Written by Mary Jo Foley, Senior Contributing Editor May 10, 2019 at 11:47 a.m. PT

Microsoft Build 201

Microsoft demonstrated some interesting advancements on the smart-meetings front this week during its Build 2019 keynote. Company officials showed off a new Conversation Transcription capability that's part of its Azure Speech Service. The new capability, now in preview, allows real-time transcription of multi-user conversations with automatic speaker attribution -- even when there's cross-talk happening.

But there was another part of this year's Build 2019 demonstration that happened so quickly that many (including me) initially may have missed it: Microsoft showed this service working not only on its custom microphone-array reference hardware -- like it did at last year's Build -- but using a cloud-powered virtual microphone array.

The virtual/cloud piece of this is still a Microsoft Research project, which is codenamed "Project Denmark." Instead of relying on dedicated microphone arrays, Project Denmark allows users to set up "virtual" microphone arrays using consumer devices like mobile phones and laptops with ordinary microphones. It fits into Microsoft's evolving ambient-computing strategy.

"Algorithms for combining speech information at multiple levels yield transcription accuracy that approaches that from close-talking microphones," say the Project Denmark researchers. There's a new project page for Project Denmark on the Microsoft Research site (thanks to WalkingCat for the link), as well as a technical report about Denmark.

From Microsoft Research's blog post about its announcements from Build this year:

"Project Denmark can potentially help our customers more easily transcribe conversations anytime and anywhere using Azure speech services, with or without a dedicated microphone array DDK. Future application scenarios are broad. For example, we may pair up multiple Microsoft Translator applications to help multiple people communicate more effectively using mobile phones to minimize language barriers."

Microsoft announced this week that it will be making the mysterious circular microphone array hardware we first saw at Build 2018 available to those outside the company in the form of device developer kits (which are codenamed "Princeton Tower). Audio-only microphone array DDKs can be purchased from http://ddk.roobo.com for roughly $100. Advanced audio-visual microphone array DDKs are available from Microsoft systems integration partners.
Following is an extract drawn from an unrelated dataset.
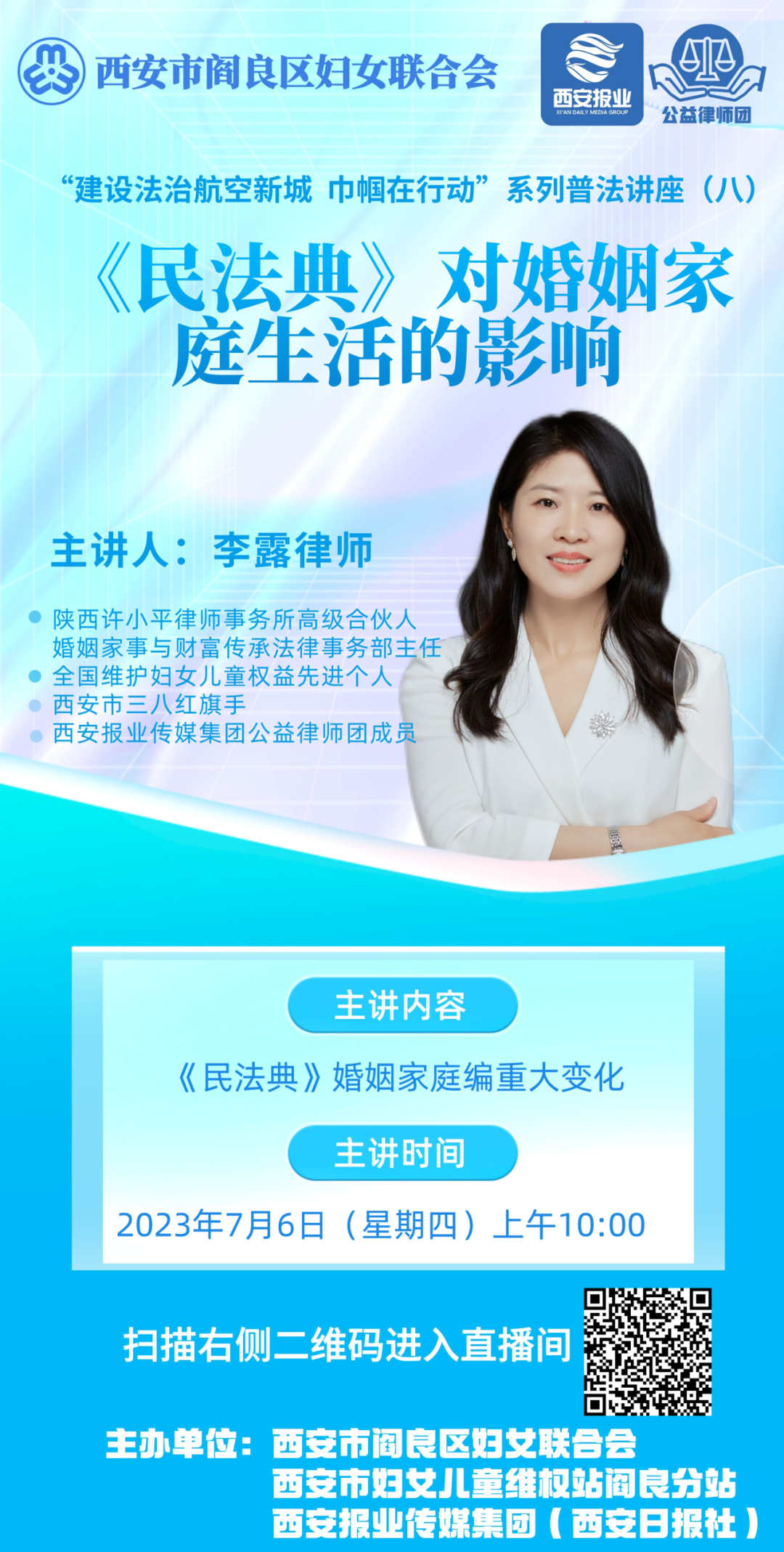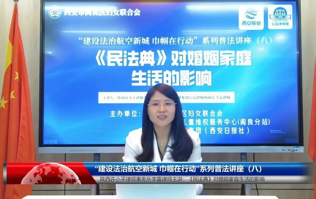 2023年7月6日上午,由西安市阎良区妇联、西安报业传媒集团共同主办的“建设法治航空新城,巾帼在行动”普法宣讲活动成功举行。本次活动特别邀请陕西许小平律师事务所婚姻家事与财富传承法律事务部主任、西安报业传媒集团公益律师团成员李露律师开展“《民法典》对婚姻家庭生活的影响”主题讲座。本次宣讲活动以线上直播的形式进行,阎良区各街道、社区、乡村妇联干部及广大网友聆听了讲座。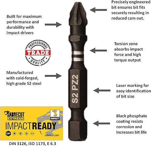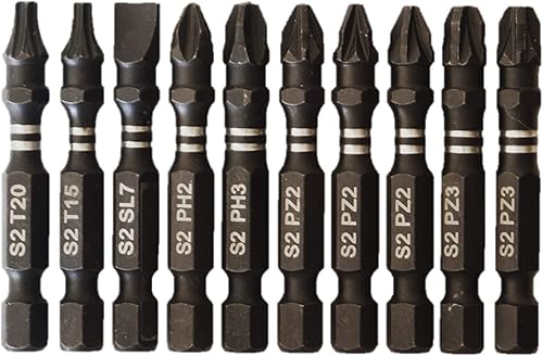 10 x SabreCut SCPC50_10 50 mm PZ2 PZ3 PH2 PH3 SL7 T15 T20 Set di punte per cacciavite a percussione a punta singola Pozidriv POZI Phillips n. 2 n. 3 Torx 15 20 per impieghi gravosi con custodia

The Speech Devices developer Kit is made for those who want to build devices for custom virtual assistants, conversation transcription and smart speakers. (The Azure Kinect developer kit also can handle conversation transcription, for what it's worth.)

At Build 2018, Microsoft announced it was moving toward creating a single speech application programming programming interface (API) and software development kit (SDK) that would work across its products and services, including Windows, Office, Cortana, Xbox, and the HoloLens.